3.3 Elementos ou requisitos do ato administrativo
Os elementos do ato administrativo estão previstos no art. 2°, Parágrafo Único da Lei Federal n. 4.717, de 29-06-1965, que regula a ação popular quais sejam: a competência, a forma, o objeto, o motivo e a finalidade, porque tal artigo diz que são nulos os atos lesivos ao patrimônio nos casos de incompetência, vício de forma, ilegalidade do objeto, inexistência dos motivos e desvio de finalidade.
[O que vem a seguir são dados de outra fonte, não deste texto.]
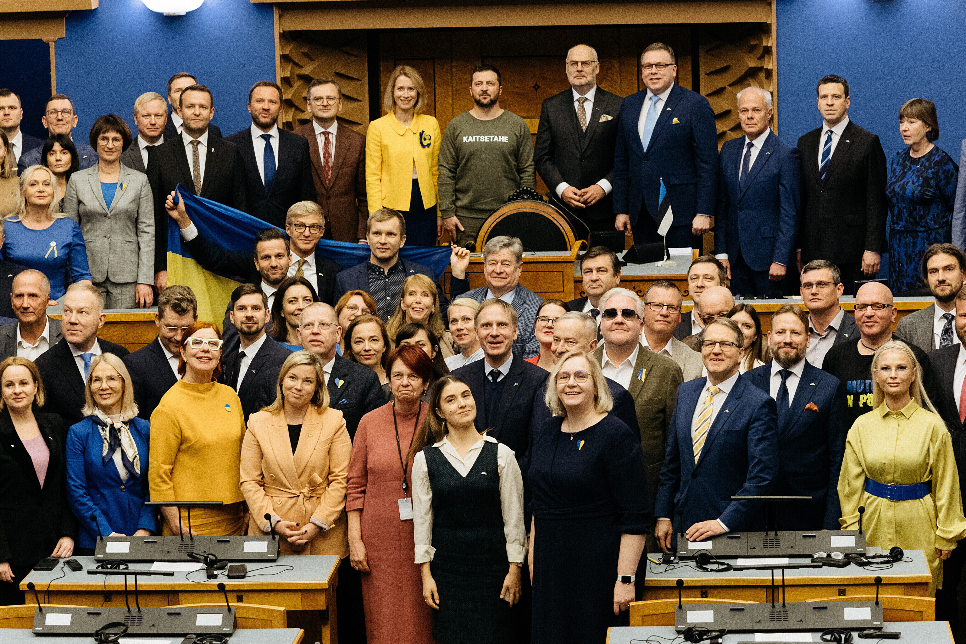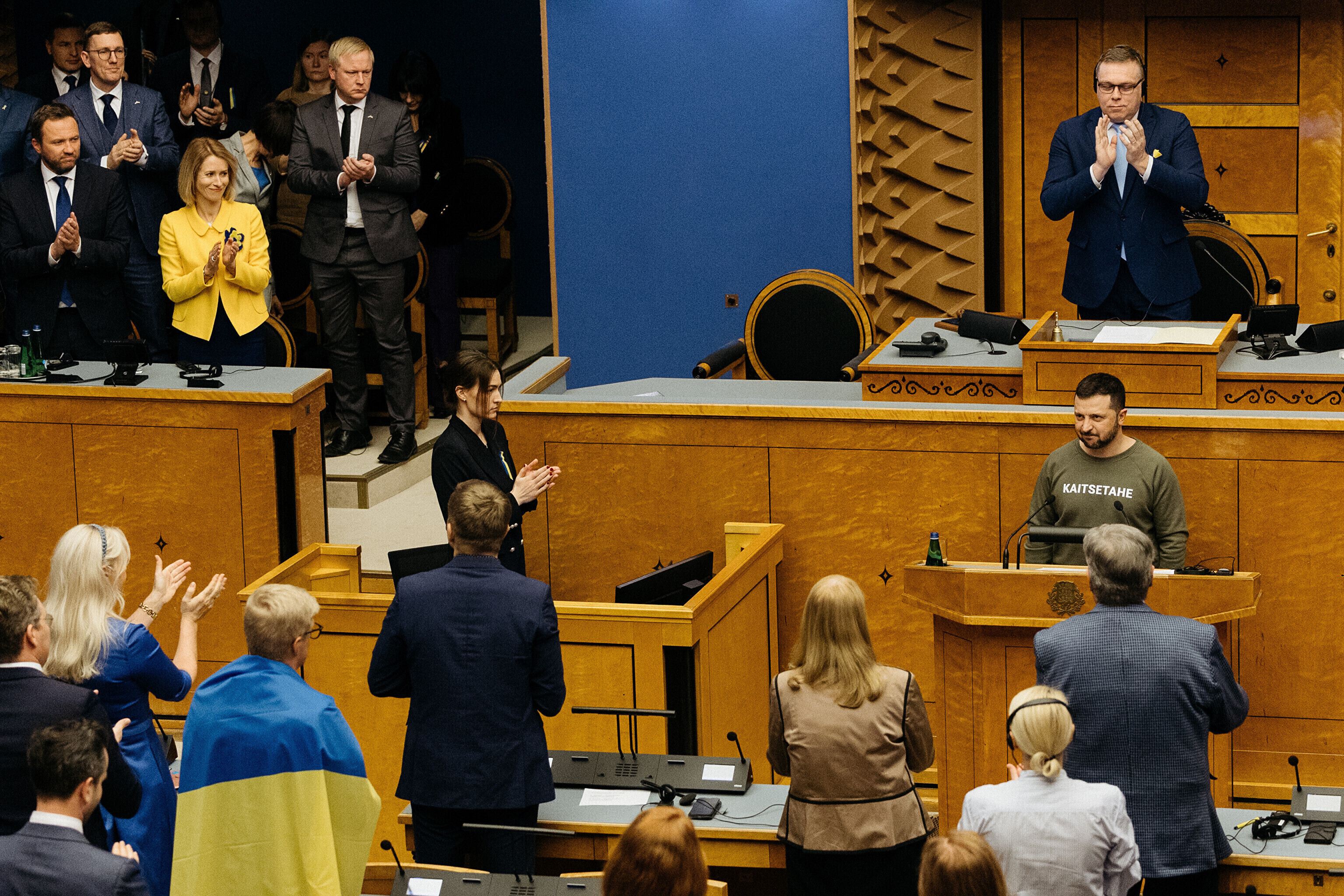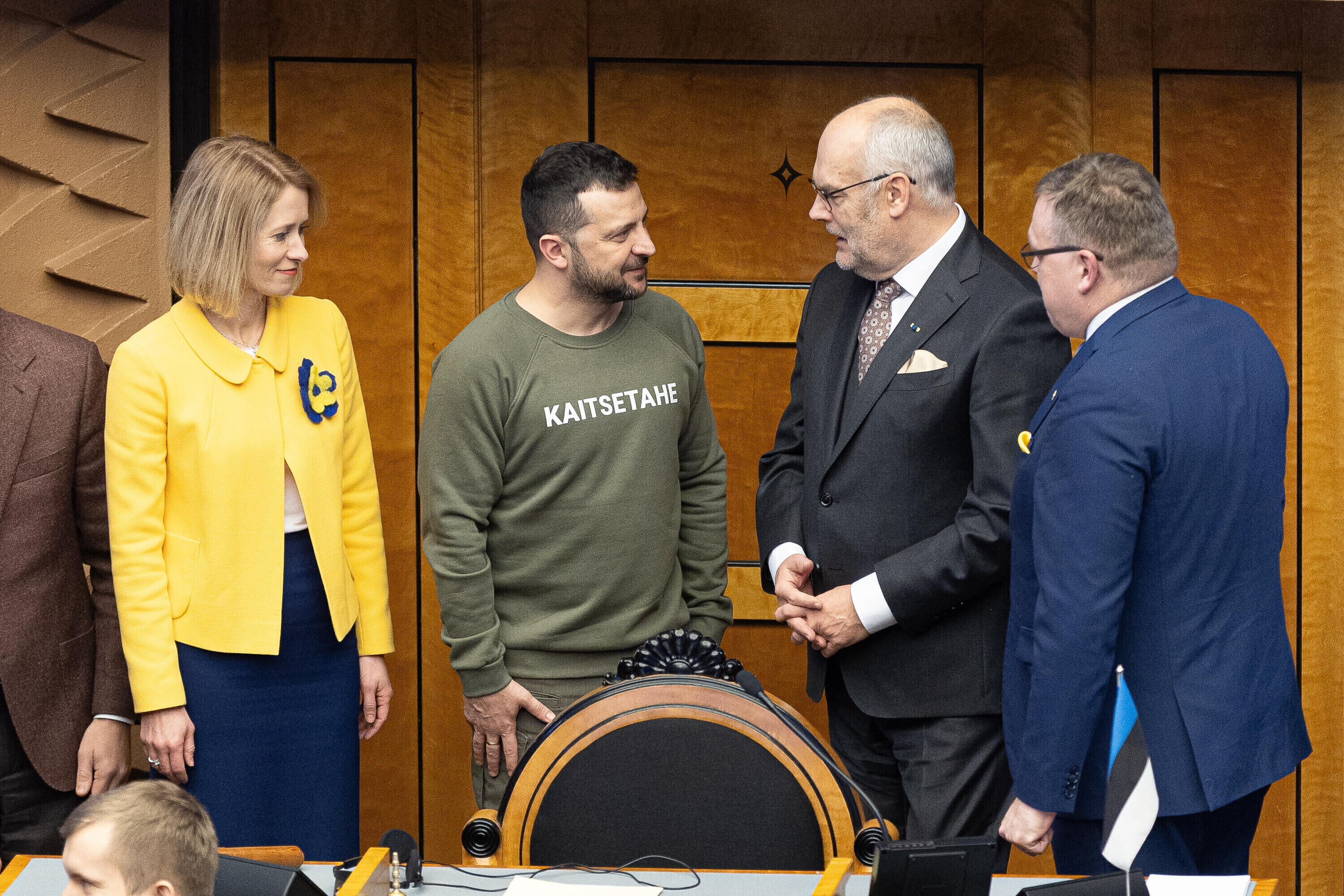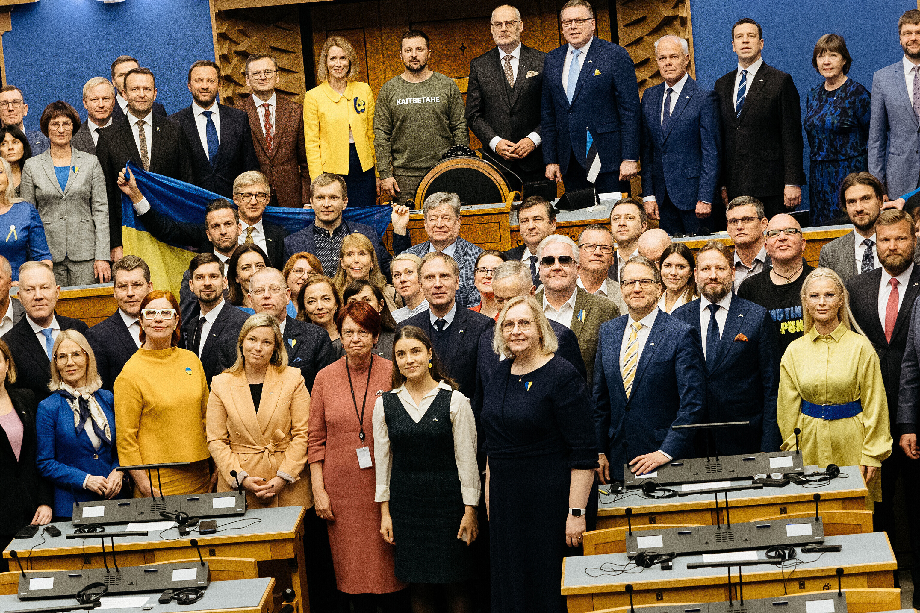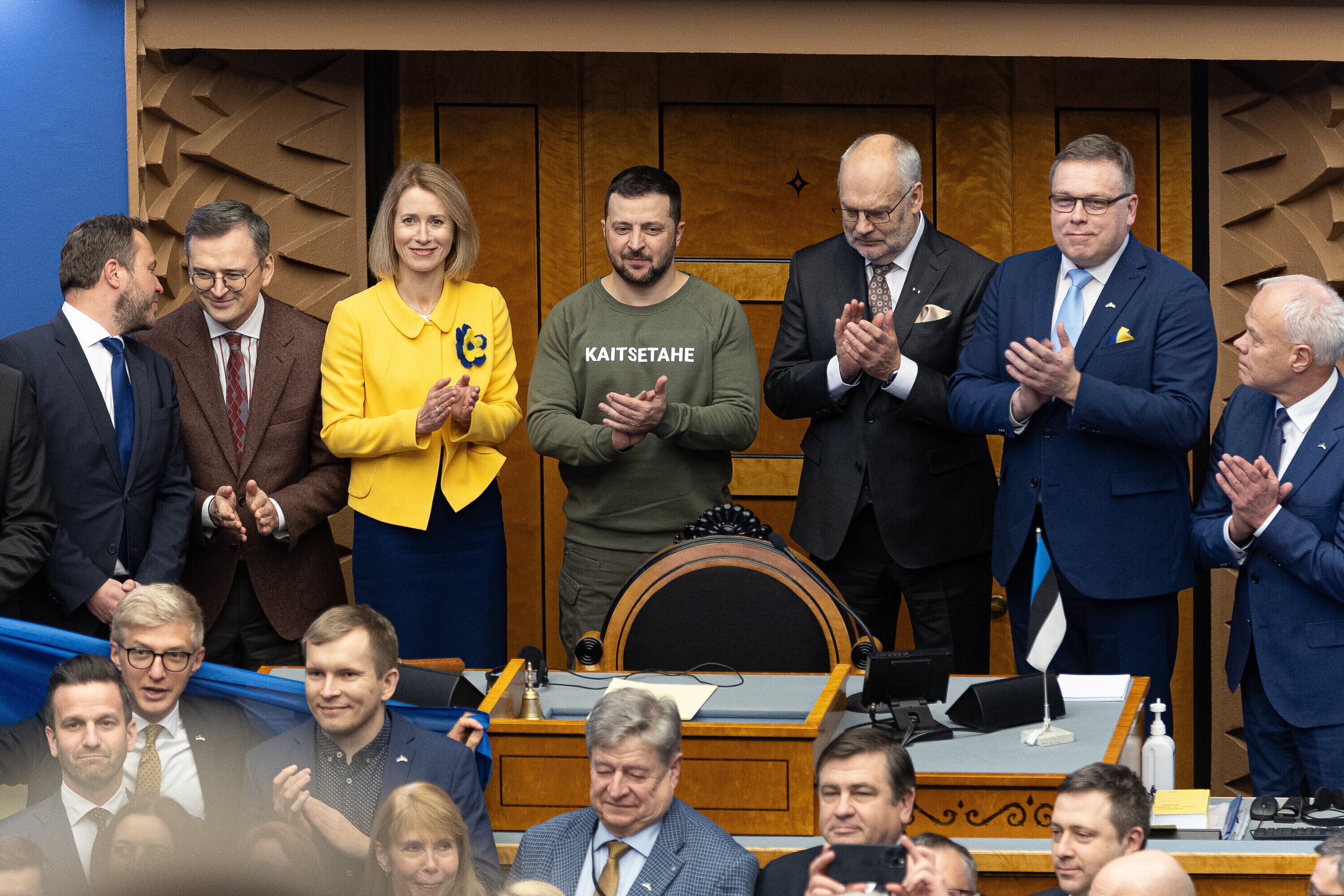 Когда я сегодня шел к вам в парламент, госпожа премьер-министр подарила мне этот свитшот. Она сказала, что значение этого слова – kaitsetahe – объединило многих из вас, многих эстонцев. Вы должны знать, то что здесь написано, запечатлено в сердцах многих украинцев. Воля к обороне. И я уверен, что непременно наступит тот день, когда всех нас объединит еще одно слово. Võidutahe. Воля к победе. И мы поздравим друг друга с победой. С победой над Россией в этой войне. Вместе. Всегда вместе.

A própria lei estabelece os conceitos: “a) a incompetência fica caracterizada quando o ato não se incluir nas atribuições legais do agente que o praticou; b) o vício de forma consiste na omissão ou na observância incompleta ou irregular de formalidades indispensáveis à existência ou seriedade do ato; c) a ilegalidade do objeto ocorre quando o resultado do ato importa em violação de lei, regulamento ou outro ato normativo; d) a inexistência dos motivos se verifica quando a matéria de fato ou de direito, em que se fundamenta o ato, é materialmente inexistente ou juridicamente inadequada ao resultado obtido; e) o desvio de finalidade se verifica quando o agente pratica o ato visando a fim diverso daquele previsto, explícita ou implicitamente, na regra de competência”.
a) Competência
Alguns autores preferem utilizar a denominação de sujeito, porque ser este o autor do ato. Seria melhor falar então em sujeito competente ou agente público competente. O importante é que para a prática do ato não basta apenas possuir a capacidade civil, tem que haver a competência.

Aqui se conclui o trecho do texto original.